What Is a Factorial?
The factorial of a non-negative integer n, written n!, is the product of every positive integer from 1 up to n. For example, \(5! = 1 \times 2 \times 3 \times 4 \times 5 = 120\). By mathematical convention, \(0! = 1\) (the empty product). Factorials grow extremely fast — 10! is already over three million — so this calculator supports values from 0 up to 170, the largest factorial that fits in a standard double-precision number.
How to Use the Calculator
Enter a whole number n between 0 and 170 and the tool instantly returns n!. There is nothing else to configure: factorials are defined only for non-negative integers, so any decimals or negatives are not accepted. The result panel shows the full computed value of n!.
The Formula Explained
Mathematically, $$\text{n}! = \prod_{i=1}^{\text{n}} i = 1 \times 2 \times 3 \times \cdots \times \text{n}$$ It can also be written recursively as \(n! = n \times (n - 1)!\), with the base case \(0! = 1\). Each step simply multiplies the running product by the next integer. Factorials count the number of ways to arrange n distinct objects in order (permutations), which is why they appear throughout combinatorics, probability, and series expansions.
Worked Example
To find 6!, multiply step by step: \(1 \times 2 = 2\), \(\times 3 = 6\), \(\times 4 = 24\), \(\times 5 = 120\), \(\times 6 = 720\). So $$6! = 720$$ This means there are 720 different ways to order six distinct items.
FAQ
Why is 0! equal to 1? The factorial counts permutations, and there is exactly one way to arrange zero objects (the empty arrangement). It also keeps formulas like nCr consistent.

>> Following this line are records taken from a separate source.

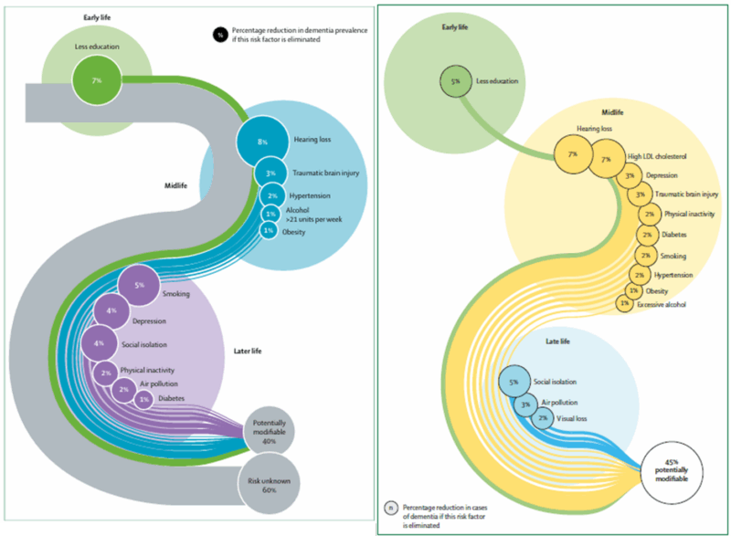 中年期 (18-65歳) | 難聴 8% 頭部外傷 3% 高血圧 2% アルコール多飲 1% 肥満 1% | 難聴 7% LDLコレステロール 7% うつ病 3% 頭部外傷 3% 運動不足 2% 糖尿病 2% 喫煙 2% 高血圧 2% 肥満 1% アルコール多飲 1% |
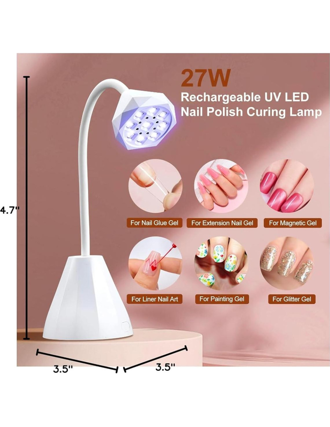 - Diseño Abierto y Tubo de Silicona Rotatable 360: Esta lámpara UV de cuello de cisne para uñas gel x secador de uñas USB tiene un diseño de espacio de operación completamente abierto, libera tus manos, facilita la operación de tu arte de uñas DIY y el curado del esmalte de uñas al mismo tiempo, más conveniente para pegar puntas de uñas, uñas postizas y decoraciones de uñas, está diseñada con manguera de cuello de cisne rotatable de 360 grados, flexible y se puede ajustar en cualquier ángulo. Fácil de almacenar y llevar de viaje
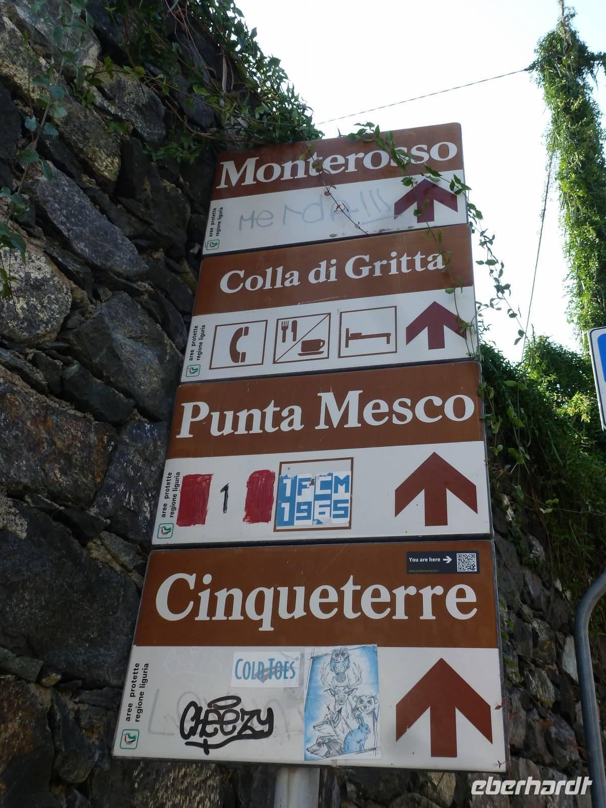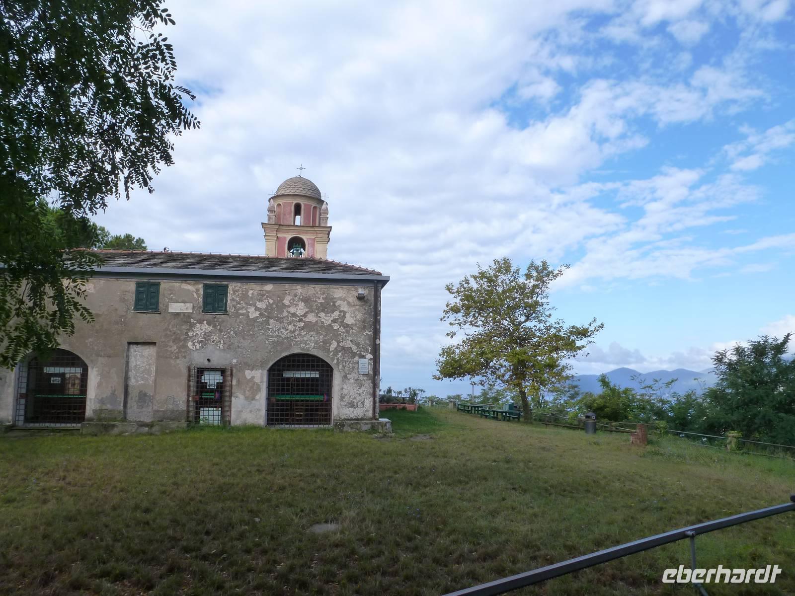 Nur 341 Höhenmeter sind es vom Bahnhof in Riomaggiore bis zur Kirche „ Madonna di Monte Nero". Nach einer Stunde und 15 Minuten Anstieg haben wir die Kirche erreicht. Eine Rast mit herrlicher Aussicht auf Riomaggiore lässt uns die Anstrengung schnell vergessen. Durch ein Picknick gestärkt machen wir uns auf den Weg zum nächsten markanten Punkt, den Colle del Telegrafo. Dort schmeckt der Cappuccino noch besser...
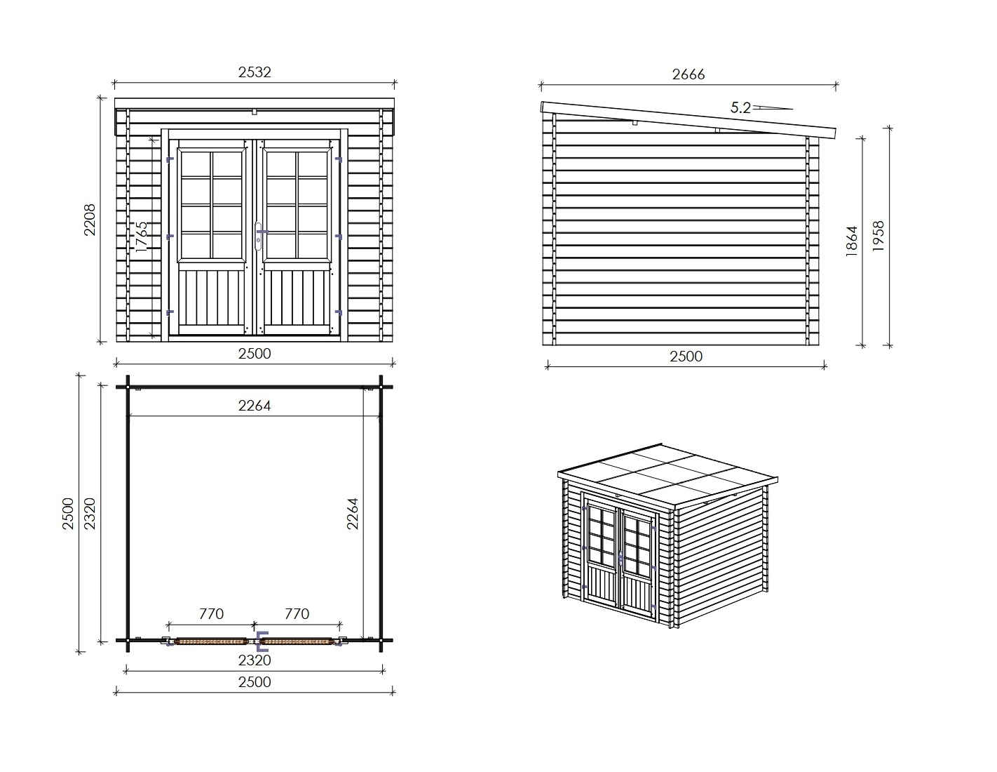 Caseta de madera para herramientas DOM724 de superficie de 6.25 m2, ancho de 2.5 m, profundidad de 2.5 m y espesor de pared de 28 mm. La caseta es fácil de montar, las instrucciones de montaje están incluidas.

Can I compute the factorial of a decimal? Not with the basic factorial. Extending factorials to non-integers requires the Gamma function, which this calculator does not cover.
Why stop at 170? \(170! \approx 7.26 \times 10^{306}\) is the largest factorial below the maximum value a double-precision floating-point number can hold; 171! overflows to infinity.